> _Task goal_: Copy out the entire listing below exactly, but without its pictures.

> _Given information_:

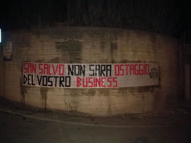 “San Salvo non sarà ostaggio del vostro business” Questo il testo dello striscione con cui CasaPound Italia è intervenuta in merito alla vicenda dell’apertura di un altro centro di accoglienza per immigrati a San Salvo, che ha suscitato aspre polemiche tra il sindaco ed il prefetto di Chieti, invitato ad illustrare il provvedimento oggi davanti al consiglio comunale.
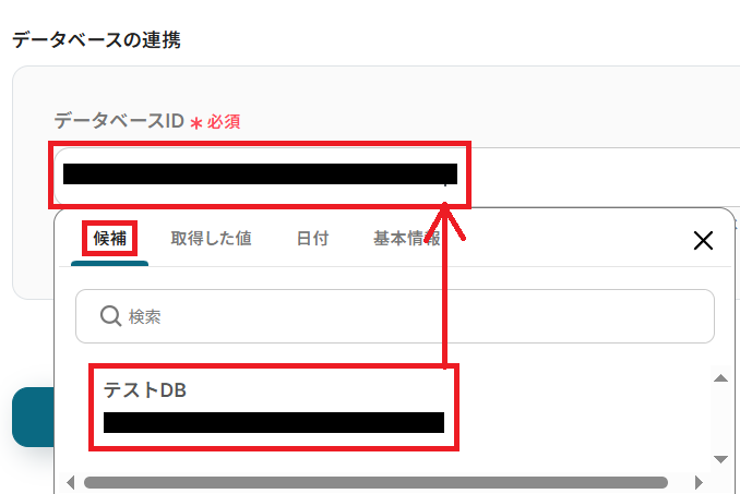 データベースIDには、アプリトリガーで設定したIDと同じものを入力してください。ちなみにボックスをクリックすると、以下のように「候補」として先ほど設定したデータベースが出てくるため、こちらをクリックすると簡単です!
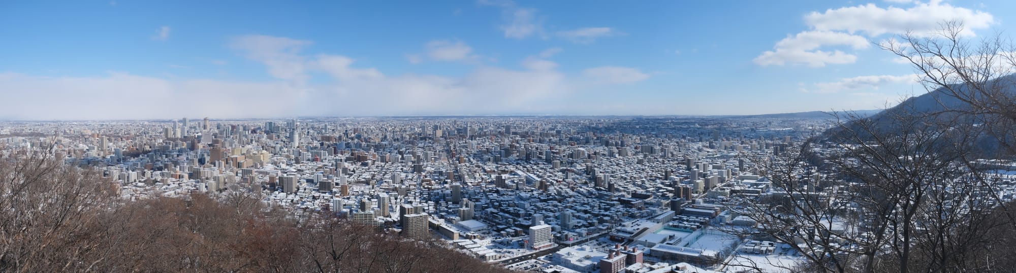 The view of Sapporo form the summit. The snow was still fresh on many of the roofs of the city buildings. The second image is a zoom on the centre of the city, where the tallest buildings are.

> _Exercise answer_:
 “San Salvo non sarà ostaggio del vostro business” Questo il testo dello striscione con cui CasaPound Italia è intervenuta in merito alla vicenda dell’apertura di un altro centro di accoglienza per immigrati a San Salvo, che ha suscitato aspre polemiche tra il sindaco ed il prefetto di Chieti, invitato ad illustrare il provvedimento oggi davanti al consiglio comunale.
 データベースIDには、アプリトリガーで設定したIDと同じものを入力してください。ちなみにボックスをクリックすると、以下のように「候補」として先ほど設定したデータベースが出てくるため、こちらをクリックすると簡単です!
 The view of Sapporo form the summit. The snow was still fresh on many of the roofs of the city buildings. The second image is a zoom on the centre of the city, where the tallest buildings are.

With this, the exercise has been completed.